UO Architecture focuses on Energy Conservation


Subhead: As UO Architecture students continue to emphasize their focus on sustainability, they think about their future careers and why it is important to stay motivated during the process of getting their degrees.

By: Maygan Beckers

EUGENE, Ore.-Imagine cutting out strips of paper and gluing them down to create a lighting model structure by Alvar Aalto to test for prismatic lighting, which are big triangular apertures that let light in through the ceiling.

Three fourth year architecture students spent part of their Thursday doing just that.

Students and faculty said that energy efficient design is one of UO’s most innovative contributions to architecture.

“There’s a lot of innovative programs going on here,” UO Associate Professor, Esther Hagenlocher said. “The focus on sustainability is the best at the University of Oregon.”

Kelly Mabry, Chelsea Oda, and Anna Galloway are planning on testing their model on Tuesday to calculate the latitude and longitude of the building’s location.

“We can possibly test it at the latitude Eugene is and see how effective it would be here,” Mabry said.

Learning to maximize energy efficiency in buildings not only comes from architecture classes, but also from The Center for the Advancement of Sustainable Living house (CASL.)

“The university purchased a house just east of campus,” Mabry said. “Students are retrofitting it so it can meet passive standards.” She said a passive house is a structure designed for minimal energy use.

According to Galloway, the architecture program is different because students work toward a professional degree rather than a Bachelor’s of Arts or Science degree.  Architecture students work towards a bachelor of architecture. Once they have earned their degree, they have two years of internship experience to fulfill.

“Then you take seven tests and you walk away with a license if you pass,” said Galloway.

With any other major, experience is crucial when looking for a career once students graduate.

Mabry is in the society of college scholars, which is a program that finds students a two month internship.
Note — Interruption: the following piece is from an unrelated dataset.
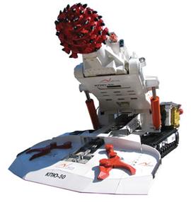 1) Крепи механизированные: Широкий модельный ряд крепей механизированных с различной несущей способностью для тонких пластов, в том числе в струговом и комбайновом вариантах, для пластов средней и большой мощности, а также крепи сопряжения. Секции крепей оснащаются как жесткими цельными перекрытиями, так и активными, управляемыми консолями, в том числе с устройствами, обеспечивающими необходимое поддержание кровли призабойного пространства, что позволяет вести эксплуатацию в лавах, имеющих неустойчивую кровлю с возможным разрушением забоя (клеважа). Основания секций – подвижный, либо жесткий катамаран, оснащаемый механизмами корректировки в вертикальной и горизонтальной плоскостях. Крепи оснащаются механизмами якорения, корректировки положения секций, корректировки трассы и удержания конвейера. В крепях применяются самые современные системы управления, поставляемые ведущими производителями, как для электрогидравлического режима управления, так и для ручного – пилотного. 2) Проходческие и очистные комбайны Комбайн проходческий КПЮ-50 предназначен для механизированного разрушения забоя и погрузки горной массы при проведении горизонтальных и наклонных горных выработок, производительностью от 0, 2 до 2, 0 м3/мин. Применение радиоуправления с носимого радиопульта, а также с возможностью работы системы управления в ручном гидравлическом режиме (при необходимости). Наличие резервного носимого пульта дистанционного управления (ПДУК).

“I work for a professor and we are tracking the special and urban development in Rome right now. I’m working with documents that were published in the 1700’s and contain information from 500 A.D.,” said Mabry. “Then we’re compiling it in a computer program where we can layer satellite…and you can see how the city has changed.”

When her internship ended, she asked if she could continue working with that professor. Mabry has worked there for approximately two years now.

The three students said that there is really no right answer in the architecture program and that some class don’t receive grades because it’s subjective decisions that are being made in the process.

“We’re judged by what we show not really how we act,” said Mabry.

Mabry said that architecture students have a lot of options to choose from as far as a career goes.

Architecture students can do anything from working with theater design to designing the architectural background in video games. However, she emphasizes whether or not if she will get a job when she graduates because her job is heavily dependent on the economy.

“I would like to do anything design oriented, even if that means outside of architecture,” said Oda.

Galloway expresses how frustrating it is with the amount of time that she spends in the studio working on one project. She said, “If you want, you do it because it doesn’t change after this.”

Because things won’t change from the architecture program to whichever path Mabry chooses to follow, she said that it’s important to produce good work while she is in school so she has things to show to find a job that she is looking for.

Architecture students create a model to save energy by testing natural daylight.